In system design, while individual Service Error Rates tell you if a specific API or microservice is failing, they do not tell the full story from the customer's perspective. The Transaction Success Rate (TSR) shifts the focus from "Is the API healthy?" to "Is the user able to complete their overall goal?"

Why Basic Error Rates Are Not Enough

A single business transaction (e.g., "User check out") usually relies on multiple sequential API calls across different microservices.

Imagine an e-commerce checkout flow containing three steps:

  1. POST /cart/validate (Inventory Service)
  2. POST /payment/charge (Payment Service)
  3. POST /order/finalize (Order Service)

If the Payment Service goes completely offline, your checkout transaction success rate will drop to 0%, because no user can complete a purchase.

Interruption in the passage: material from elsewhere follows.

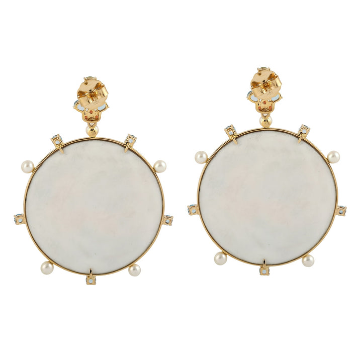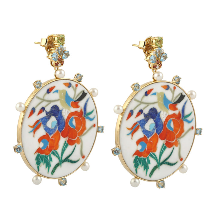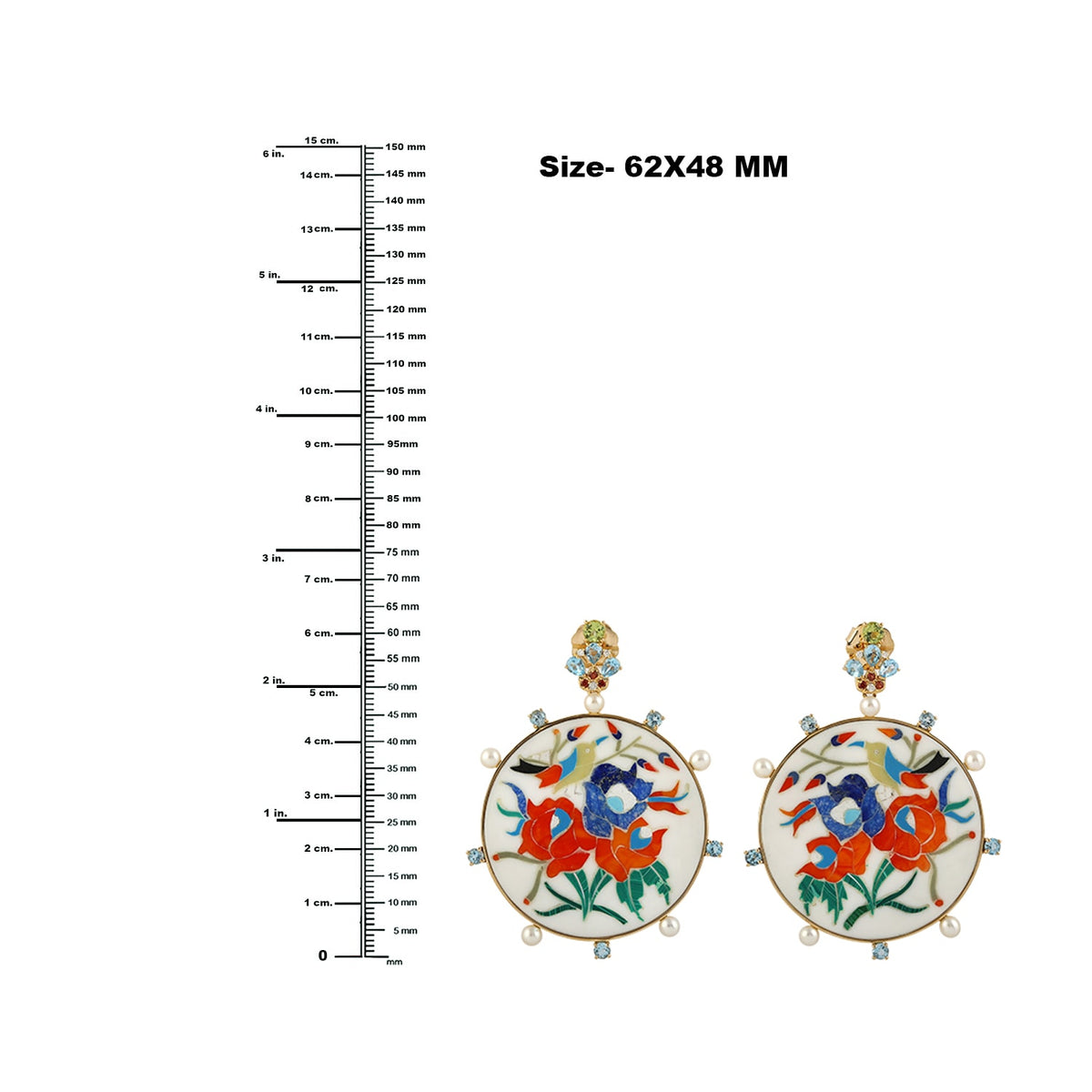 These dangle earrings are handmade from 18-karat yellow gold. They are set with 0.13 carats of diamonds, 56.1 carats of bakelite, 4.14 carats of pearls, and 0.65 carats of blue topaz. The product description also mentions Peridot.

However, if you look at your global API Error Rates across all three microservices, it might only show a 33% error rate (since the Cart validation might still be succeeding). This discrepancy hides catastrophic business failures behind seemingly "moderate" technical metrics.


Architectural Visualization

A distributed transaction often spans multiple services. Monitoring tools track a unique transaction_id or trace_id to determine if the entire business flow reached a successful terminal state.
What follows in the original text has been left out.